Canada lost a net 1,400 jobs in June, Statistics Canada said, against analysts’ forecasts of 22,500 jobs, in further signs of weakness in economic conditions.
Royce Mendes, head of macro strategy at Desjardins Group, said the sharp rise in the unemployment rate will have many questioning whether Canada has entered a recession.
“Cutting interest rates is the only way to cushion the blow from future mortgage renewals and keep alive any hope of a soft cut,” he said, adding that BC will cut rates by 25 basis points this month and two more rate cuts in three meetings thereafter.
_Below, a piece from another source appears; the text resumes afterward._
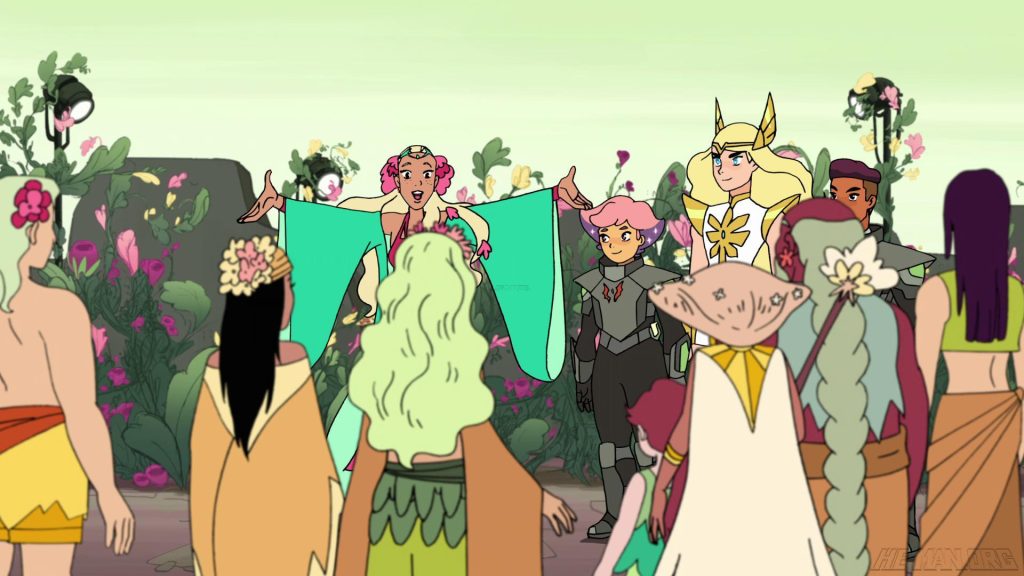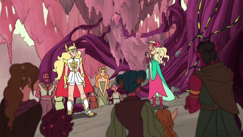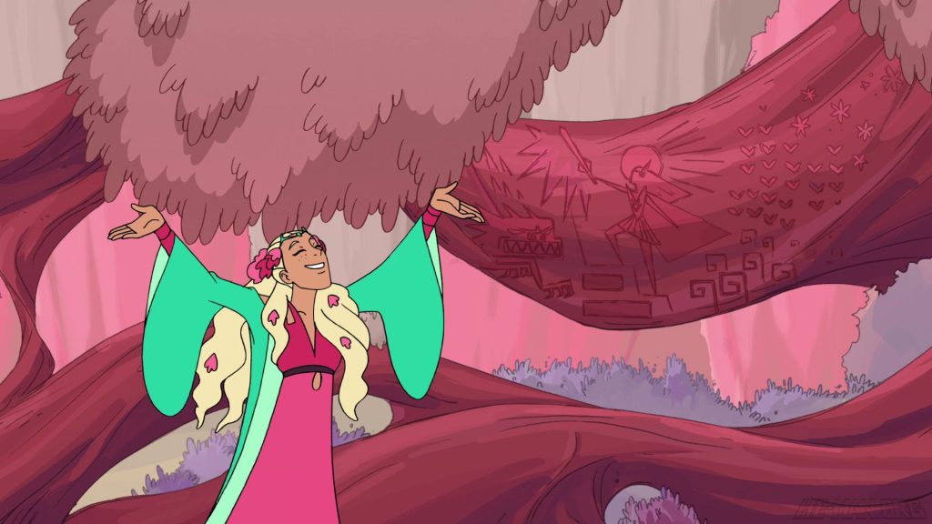 As the Best Friend Squad arrives at Plumeria, Adora begins to struggle with the fear that people only love her for her role as She-Ra, and not who she is at her core. After discovering the plants are dying, The Best Friend Squad is greeted by Perfuma who explains the prophecy of their kingdom states the She-Ra will arrive to solve their problems. After a celebration, and some overly dramatic mythologizing regarding She-Ra’s accomplishments from Bow, it is shown that the Horde has established a facility nearby choking the life out of the Plumerian forest. After trying to single-handedly revive their Heart-Blossom (the main tree of the forest containing Perfuma’s runestone), She-Ra reveals she is simply an ordinary girl at her core. Perfuma and the Plumerians decide to evacuate while the Best Friend Squad decides to infiltrate the facility.

BoC Governor Tiff Macklem said last month that the labor market had cooled reasonably in recent months and that achieving the central bank’s cooling inflation target did not need to involve a sharp rise in unemployment.
There was even room for economic growth and job creation without jeopardizing the bank’s 2% inflation target, the governor said.
The story continues
The Canadian dollar, which was largely unchanged in early trade, was down 0.25% at 1.3647 against the US dollar, or 73.28 cents, by 1352 GMT.
Two-year Canadian government bond yields fell 9.1 basis points to 3.961% after the jobs report.
Despite rising unemployment, wage growth has been a sore point in BC’s efforts to tame inflation, and it rose again in June.
Economists, however, said this will come quickly as the unemployment rate rises.
Average hourly wage growth of permanent workers accelerated to an annual rate of 5.6% from 5.2% in May. The rate of wage growth – closely watched by the Bank of Canada (BoC) for its effect on inflation – was the fastest since December’s 5.7%.
The central bank cut its key policy rate for the first time in more than four years in June and said more cuts were possible if inflation continued to cool.
The bank’s next rate announcement is on July 24, roughly a week after the release of the next inflation data, which is seen as a critical factor in strengthening expectations for a final rate cut this month.
In June, full-time jobs jumped, while part-time positions increased in the month.
Employment in the goods sector increased by a net 12,600 jobs, mostly in agriculture, while the services sector lost a net 14,100 jobs, led by transportation and warehousing and information, culture and recreation.